Речь, конечно, не о том, что Достоевский был плохим писателем. Или был не профессионален. Отнюдь. Он не только блистательно владел искусством сочинительства, мастерски выстраивал сюжет и композицию своих произведений. Он в совершенстве освоил саму технологию писательского труда и непрестанно ее совершенствовал. Он знал все тонкости издательского процесса, все нюансы отношений автора и редактора. Он жил от литературных трудов, и если бы позволил себе дилетантство, то просто бы умер с голода, как многие его современники — собратья по перу.
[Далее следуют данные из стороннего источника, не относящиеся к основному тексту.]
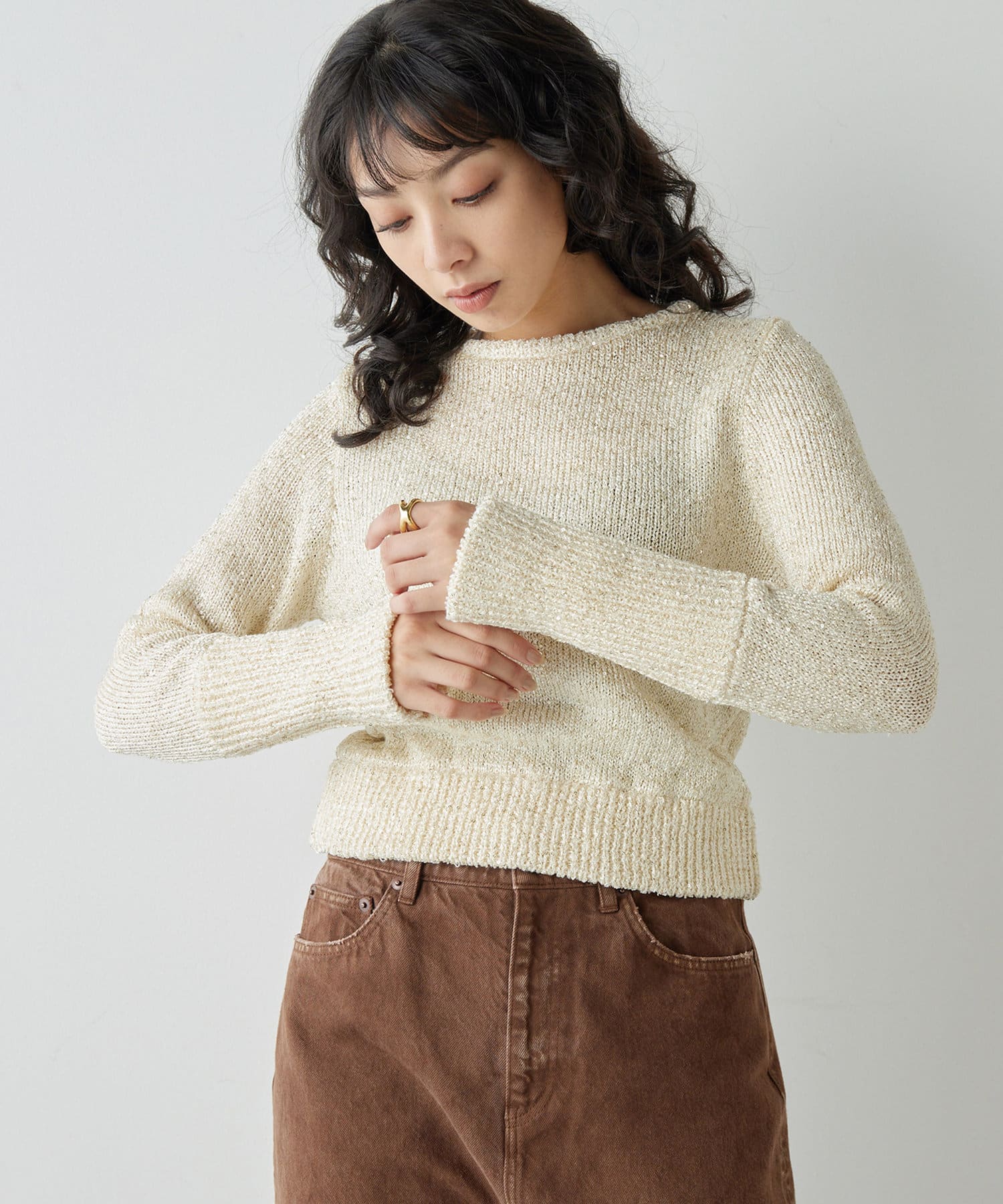 ■スパンコール入りの編地がポイントのニットプルオーバー。

Писательство было смыслом его жизни.

Писательство было главной страстью его.

Писательство было судьбой.


И все же он не был писателем в том словарном смысле этого слова, которое применимо ко всем остальным сочинителям.
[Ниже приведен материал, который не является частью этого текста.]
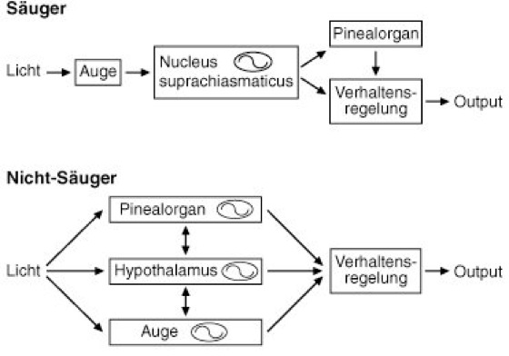 Da die circadiane Rhythmik eine Systemeigenschaft der Zelle ist, müssen in Vielzellern (Metazoa) die einzelnen Zellen, Gewebe und Organe zur endogenen Rhythmik des Organismus synchronisiert werden. Die in den Blattbewegungen (z. T. auch Blütenbewegungen) von Pflanzen ( vgl. Abb. 2) oder der Lauf-Aktivität von Tieren zum Ausdruck kommende circadiane Periodik beruht entweder auf einer Interaktion vieler Oszillatoren zu einer gemeinsamen Frequenz oder auf der Schrittmacherfunktion bestimmter Zellen oder Gewebe. Gerade bei tierischen Systemen findet sich häufig ein zentral-nervös lokalisierter Schrittmacher (Nucleus suprachiasmaticus,Pinealorgan; vgl. Abb. 3). Beim Ausfall des übergeordneten Schrittmachers können einzelne Gewebe oder Organe eine eigene Periodizität ausprägen und zu einer Desynchronisation der zeitlichen Organisation des Lebewesens führen, die unter Umständen den Zusammenbruch des Organismus zur Folge hat.

Он не рассказывал истории, как другие.

Он не описывал обстоятельства, как другие.

Он не изображал характеры, как другие.

И это притом, что Достоевский был гениальным художником.

Точнее — мыслителем, наделенным гениальным художественным даром.


«В романах Достоевского есть места, в которых всего более отражаются особенности его, как художника, и о которых трудно решить, так же, как о некоторых стихотворениях Гёте и рисунках Леонардо да Винчи, что это — искусство или наука? — писал Д. С. Мережковский. — Во всяком случае это не „чистое искусство“ и не „чистая наука“. Здесь точность знания и ясновидение творчества — вместе. Это новое соединение, которое предчувствовали величайшие художники и ученые, и которому нет еще имени» [Мережковский Д. С. Л. Толстой и Достоевский // Мережковский Д. С. Л. Толстой и Достоевский. Вечные спутники. М.: Республика, 1995. С. 114.].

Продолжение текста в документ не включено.